_WHAT TO PRODUCE:_
Once the line with "Es el lema de" is found in the entries below, repeat it and each following line exactly, up to and including the line with "Kristīne gan norādīja, ka". Add no other lines.

_EXCERPTED RECORDS:_
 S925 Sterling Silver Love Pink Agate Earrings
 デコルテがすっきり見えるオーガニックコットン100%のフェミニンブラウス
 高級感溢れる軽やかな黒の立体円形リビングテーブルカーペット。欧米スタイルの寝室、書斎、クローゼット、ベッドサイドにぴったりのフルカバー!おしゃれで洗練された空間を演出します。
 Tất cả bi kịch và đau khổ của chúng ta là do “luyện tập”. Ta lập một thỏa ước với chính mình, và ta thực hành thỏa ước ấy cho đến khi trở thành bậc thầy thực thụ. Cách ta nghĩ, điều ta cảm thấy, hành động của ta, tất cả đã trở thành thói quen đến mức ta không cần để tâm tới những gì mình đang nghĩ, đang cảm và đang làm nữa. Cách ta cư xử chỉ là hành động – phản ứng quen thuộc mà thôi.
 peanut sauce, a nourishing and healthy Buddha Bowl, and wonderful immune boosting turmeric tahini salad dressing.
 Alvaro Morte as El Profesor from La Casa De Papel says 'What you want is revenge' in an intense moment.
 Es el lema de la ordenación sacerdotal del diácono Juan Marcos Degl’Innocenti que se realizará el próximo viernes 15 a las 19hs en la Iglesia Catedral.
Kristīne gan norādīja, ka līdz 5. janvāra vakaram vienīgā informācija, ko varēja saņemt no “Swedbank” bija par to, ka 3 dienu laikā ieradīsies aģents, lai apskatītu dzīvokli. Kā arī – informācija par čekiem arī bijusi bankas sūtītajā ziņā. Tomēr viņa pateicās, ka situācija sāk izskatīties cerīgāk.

==

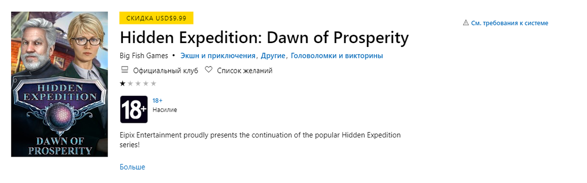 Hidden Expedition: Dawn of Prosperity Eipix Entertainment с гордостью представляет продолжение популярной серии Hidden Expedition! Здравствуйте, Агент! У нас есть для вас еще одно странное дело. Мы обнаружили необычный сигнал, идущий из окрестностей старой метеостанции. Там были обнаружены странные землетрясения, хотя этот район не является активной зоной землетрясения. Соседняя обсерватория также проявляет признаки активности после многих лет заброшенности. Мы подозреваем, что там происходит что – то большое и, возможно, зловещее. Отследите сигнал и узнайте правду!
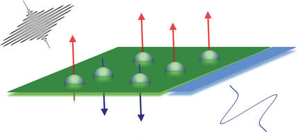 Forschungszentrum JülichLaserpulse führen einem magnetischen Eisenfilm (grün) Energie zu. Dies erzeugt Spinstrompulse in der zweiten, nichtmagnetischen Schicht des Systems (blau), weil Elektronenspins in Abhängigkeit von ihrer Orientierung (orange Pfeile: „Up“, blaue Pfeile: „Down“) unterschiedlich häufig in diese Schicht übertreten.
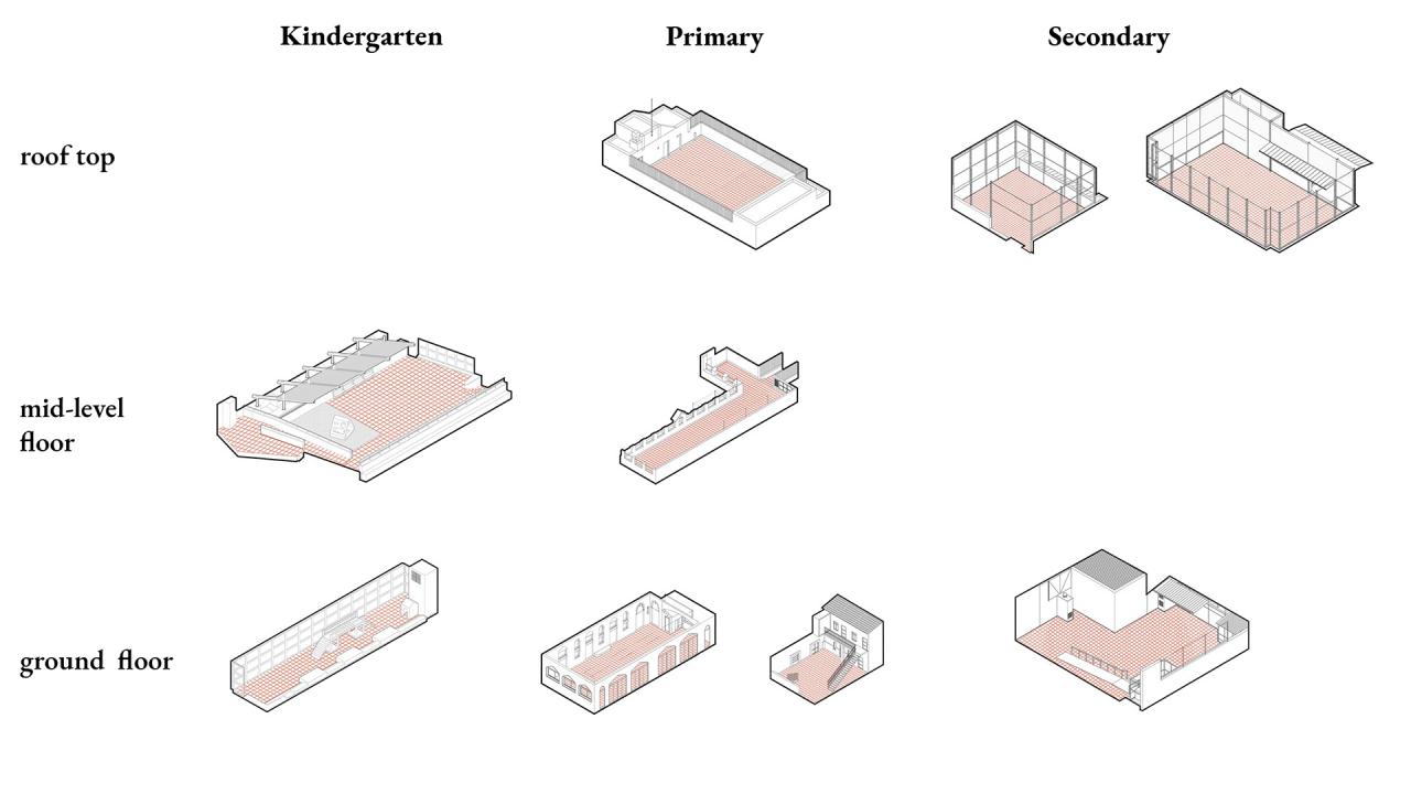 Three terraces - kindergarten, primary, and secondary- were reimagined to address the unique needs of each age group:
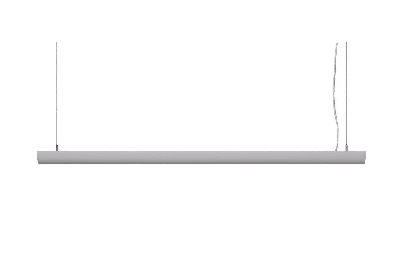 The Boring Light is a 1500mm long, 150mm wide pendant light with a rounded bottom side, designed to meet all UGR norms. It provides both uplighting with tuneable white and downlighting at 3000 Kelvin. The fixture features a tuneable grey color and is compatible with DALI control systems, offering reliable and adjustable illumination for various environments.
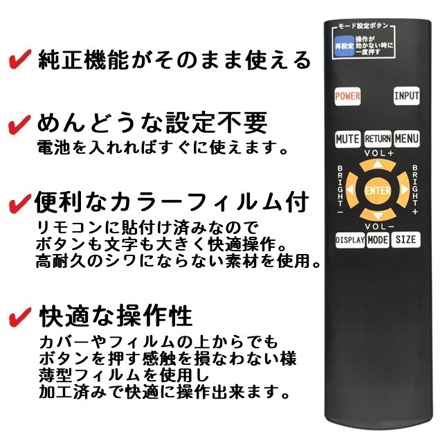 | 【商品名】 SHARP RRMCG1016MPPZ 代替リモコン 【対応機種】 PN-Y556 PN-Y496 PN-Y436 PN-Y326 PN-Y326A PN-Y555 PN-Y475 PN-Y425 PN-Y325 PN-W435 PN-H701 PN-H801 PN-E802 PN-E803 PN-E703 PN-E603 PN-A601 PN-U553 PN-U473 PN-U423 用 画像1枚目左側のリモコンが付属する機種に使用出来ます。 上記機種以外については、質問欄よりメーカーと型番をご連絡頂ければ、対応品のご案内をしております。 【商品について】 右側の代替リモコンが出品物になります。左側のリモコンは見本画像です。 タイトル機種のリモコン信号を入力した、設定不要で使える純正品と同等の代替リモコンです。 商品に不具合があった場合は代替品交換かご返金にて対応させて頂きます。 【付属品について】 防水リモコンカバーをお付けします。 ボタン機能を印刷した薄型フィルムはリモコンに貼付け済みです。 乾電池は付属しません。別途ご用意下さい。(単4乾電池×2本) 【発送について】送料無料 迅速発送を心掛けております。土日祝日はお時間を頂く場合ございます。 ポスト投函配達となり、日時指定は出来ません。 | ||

_SOLUTION FOR THIS TASK:_
 Es el lema de la ordenación sacerdotal del diácono Juan Marcos Degl’Innocenti que se realizará el próximo viernes 15 a las 19hs en la Iglesia Catedral.
Kristīne gan norādīja, ka līdz 5. janvāra vakaram vienīgā informācija, ko varēja saņemt no “Swedbank” bija par to, ka 3 dienu laikā ieradīsies aģents, lai apskatītu dzīvokli. Kā arī – informācija par čekiem arī bijusi bankas sūtītajā ziņā. Tomēr viņa pateicās, ka situācija sāk izskatīties cerīgāk.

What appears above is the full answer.